It never occurred to me that I would be a stay-at-home mom.
My plan: I would use my ample salary as a sound editor and the time between individual film projects to create my own films, which would fall somewhere on the scale between “artsy” and “avant-garde,” and establish me as a Woman in Film. I’d enter these gems in festivals and bask in their successes. I knew I wanted children, but when that happened, I’d play it by ear.
By my late twenties, I had a great career going as a sound editor. I was in the union and I was in demand. But the first glitch in my plan had emerged — in between films, when I was supposed to be creating Art, I needed to recover from the seven-day weeks. Do some laundry. Balance the checkbook. I wasn’t even sure I wanted to spend my life cutting sound — I had happened into it and I was good at it, but it didn’t compel me the way my husband’s career in film production did him.

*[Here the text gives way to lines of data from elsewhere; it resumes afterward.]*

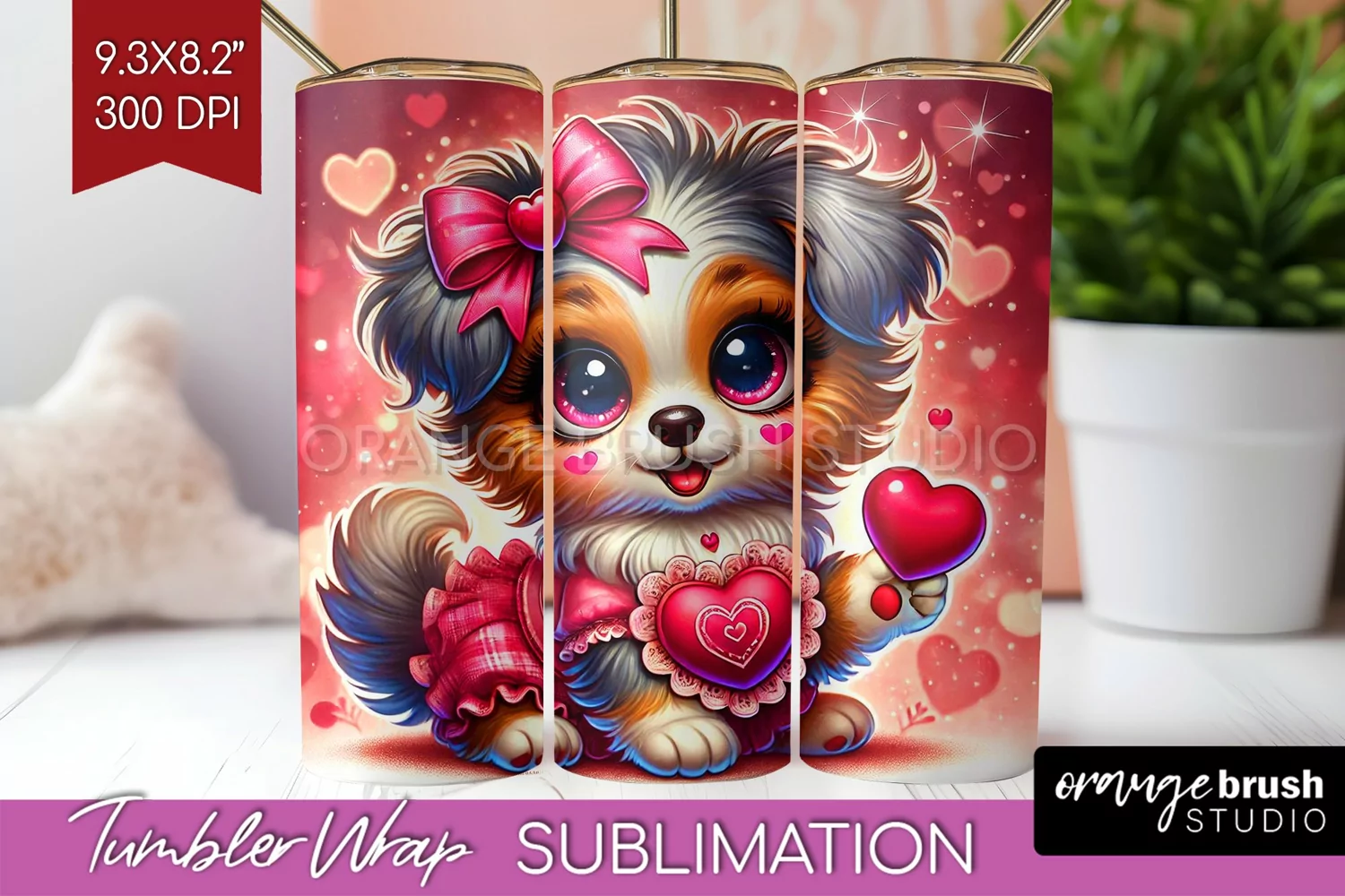 Valentine Dog Tumbler Wrap - Cute Puppy Tumbler PNG example image 1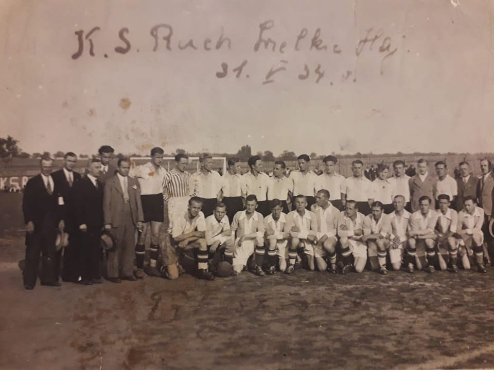 OCALIĆ OD ZAPOMNIENIA czyli Historia Emmy w wyjątkowych przedmiotach. Cz. 6KS Ruch Wielkie Hajduki (od stycznia 1939 Ruch Chorzów) - najbardziej utytułowany i rozpoznawalny śląski klub!14 - krotny Mistrz Polski (w tym 5 przed wojną),3 - krotny zdobywca Pucharu Polski,Ćwierćfinalista Ligi Mistrzów 1974/75Finalista Pucharu Intertoto 1998W klasyfikacji medalowej zajmuje 2 miejsce w rozgrywkach mistrzostw Polski. A w tabeli wszech czasów Ekstraklasy, aktualnie plasuje się na 3 miejscu (nasza Emma na 50 z 86 drużyn, które grały w najwyższej klasie rozgrywkowej), a do połowy lat 90 był na miejscu 1.To tylko najważniejszy spis sukcesów ,,Niebieskich", ale czy trzeba jeszcze bliżej przybliżać tą wielką Markę samą w sobie?!31.05.1934r. Ruch przyjeżdża drugi raz w historii, na nasz Emmaplac. Pierwszy raz nasze drużyny zagrały ze sobą już w roku 1927, dokładnie 2 lutego, przy panującym ostrym mrozie -12°C, gdzie piłkarze musieli schodzić co chwila z boiska, by się odrobinę ogrzać! Mecz ten Błyskawica przegrała 1:3. Natomiast w kolejnych latach spotykać się będziemy jeszcze wielokrotnie, nie tylko podczas meczy towarzyskich, ale także spotkań ligowych. Bilanstychże nie jest zbyt korzystny dla naszej drużyny. W samych tylko oficjalnych 14 meczach wynosi 1 zwyciestwo, 4 remisy i 9 porażek, na korzyść Ruchu. Mimo to, tak w Radlinie, jak i na całym Górnym Śląsku oraz poza jego granicami, ten popularny klub zyskał sobie wielką rzeszę kibiców. Przypomnijmy chociażby jego fan cluby w Niemczech, Holandii, Irlandii, Anglii czy też w Stanach Zjednoczonych!Co do samego meczu rozegranego w Boże Ciało, a tak bardzo rozreklamowanego, omawianym ostatnio napisem, ten zakończył się przegraną Błyskawicy w stosunku 2:7.Na zdjęciu, oprócz skrawka owego napisu z lewej strony, widzimy zawodników oraz działaczy obu klubów.W górnym rzędzie stoją piłkarze Ruchu, a klęczą zawodnicy Błyskawicy.W tym czasie skład drużyny to:Józef Szymura, Roman Latocha, Wilhelm Grüner, Bronisław Grobelny, Jacek Rosa, Henryk Grüner, Ginter Szindler, Oswald Trybuś, Emil Suchanek, Antoni Strodula i Paweł Krumszmidt.Na koniec przypomnieć należy, że 22 kwietnia 2021 roku oba kluby podpisały umowę partnerską. Natomiast przedstawiciele naszego miasta Radlin z władzami klubu Ruch Chorzów podpisali drugą umowę, skupiającej się na akcjach promocyjnych.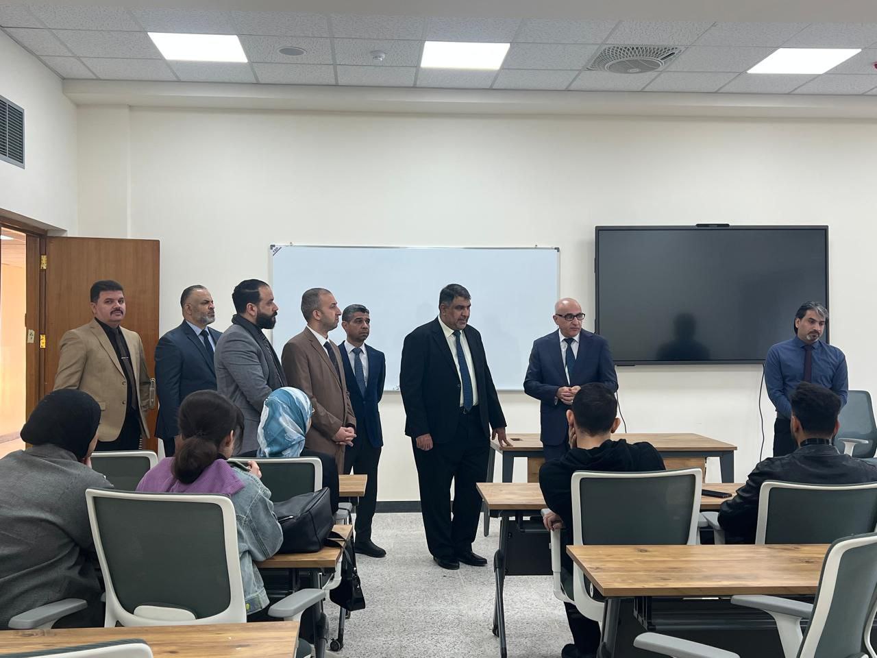وخلال جولته داخل الأقسام والمختبرات، التقى رئيس الجامعة بعدد من الطلبة واستمع إلى ملاحظاتهم واحتياجاتهم، مؤكداً حرص الجامعة على توفير بيئة تعليمية حديثة تدعم تطوير المهارات التقنية وتعزز مخرجات التعليم العالي، موجهاً في الوقت نفسه الى ضرورة الاستمرار في تحديث المختبرات وتوفير المتطلبات الداعمة لمسار التحول الرقمي والابتكار في مجالات الذكاء الاصطناعي.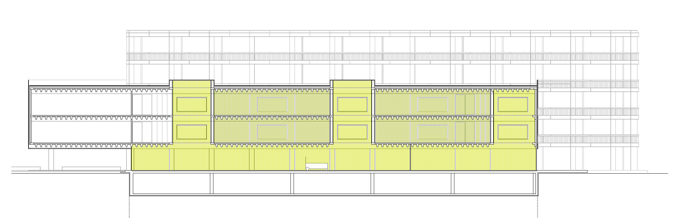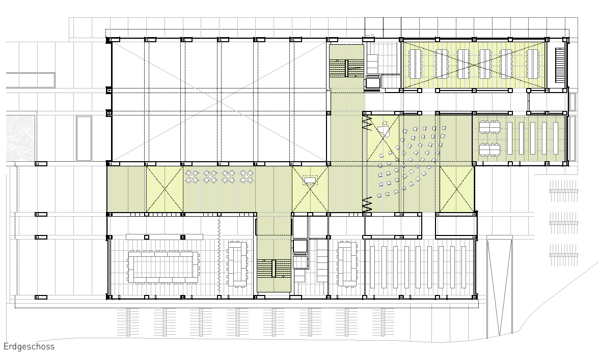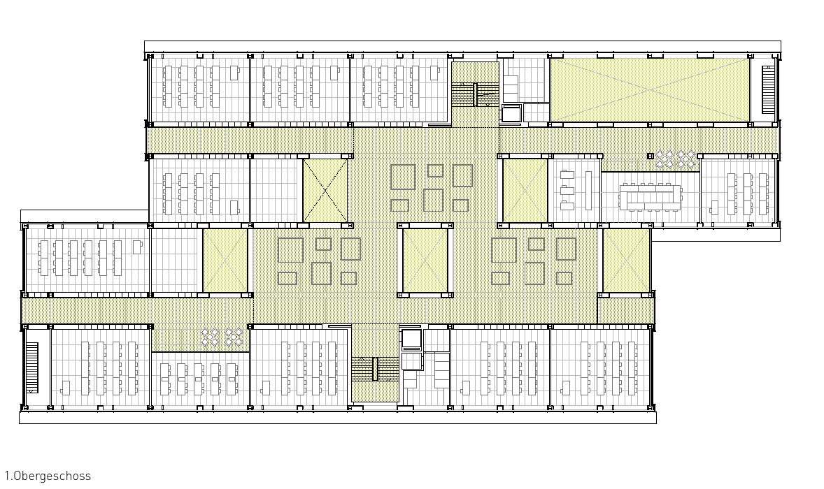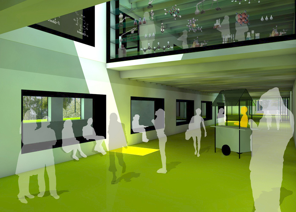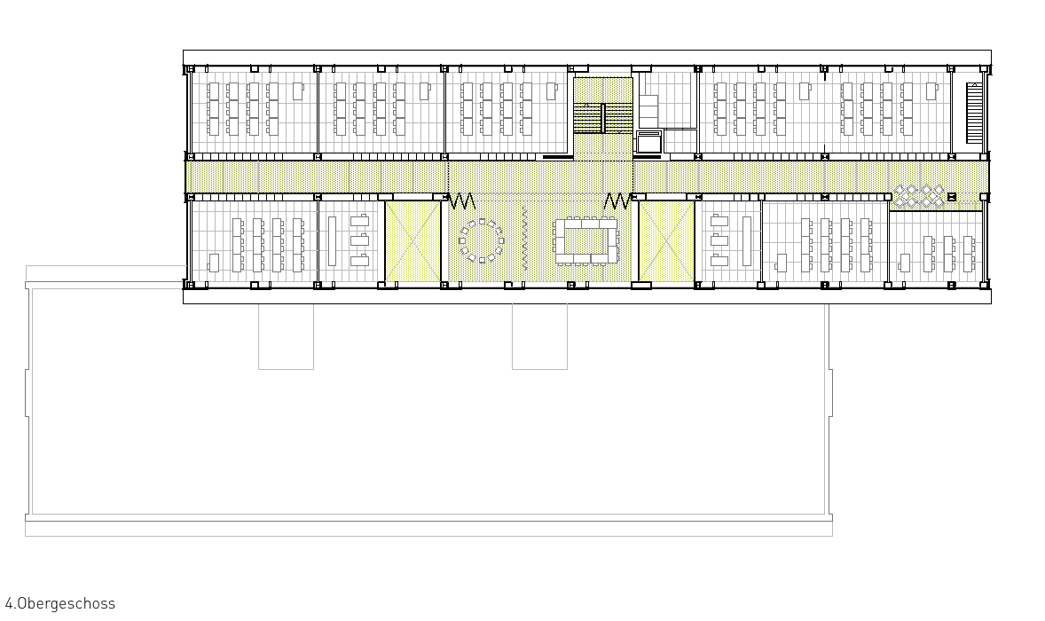 Das Stadtbild von Winterthur ist gleichermassen geprägt vom historischen Stadtkern wie auch von grossmassstäblichen Industriebauten. Das neue Schulgebäude reagiert volumetrisch auf den baulichen Massstab der näheren Umgebung (Wohnsiedlung, Nachbarvilla) und führt den von den Architekten Amsler eingeführten, architektonischen Ansatz zeitgenössisch weiter, u.a. durch die Volumenverschiebung und die Feingliedrigkeit. Mit seinem kubisch gestaffelten Baukörper nimmt das Gebäude die Volumetrie der Industriebauten wie z.B. auf dem Sulzerareal auf.

And then, the game-changer: pregnancy. My husband and I agreed that we’d be flexible — we’d alternate working and childcare between us. I had no idea how I’d feel post-birth, and I knew no other (female) sound editors with young children. My husband was experiencing success, so his salary had begun to surpass mine. It gave us the financial wherewithal so if I wanted to be a “stay-at-home mom,” I could.
The film industry is tough on any kind of personal life. Our first child was anxious by nature. And I had my own plentiful anxieties and a (possibly pathological) sense of responsibility to my children, which I could not have foreseen before motherhood. Between my early attempts at continuing to work when my eldest was a toddler, and what I’d have to call my intuition about what was right for all of us, I simply stopped trying to “have it all.”
My sons are 26, 23 and 20 now. They are what I am most proud of in this world. But the world isn’t necessarily proud of me back. My decision was absolutely the right thing for them. I have not one shred of doubt about that. However, now that they’re off leading their own lives (a wonderful thing to celebrate) I have to admit that I’m way behind. I stayed home — as it turned out — to the detriment of my marriage, my resume and my bank account.
At the heart of my discouraging conclusion I see society’s deep distrust and dislike of what has been called women’s work. Time spent with children — people who are uncivilized, selfish, uneducated and often difficult — is not intellectually stimulating, even if you happen to love children’s books, board games and team sports. The hours are terrible and the rewards are ephemeral. Talk to a preschool teacher about it (and so on up the school ladder). If I want praise for my decision to stay home, it’s up to me to provide it, because I’m not going to find it elsewhere. If I had even a ounce of native Zen (or came from a less ambitious background and social group) I’d have no regrets. In another place or time, I’d be resting on my laurels. As it is, I remain fiercely proud of my decision, and yet (not so privately now) deeply ambivalent.
It never occurred to me that I would be a stay-at-home mom.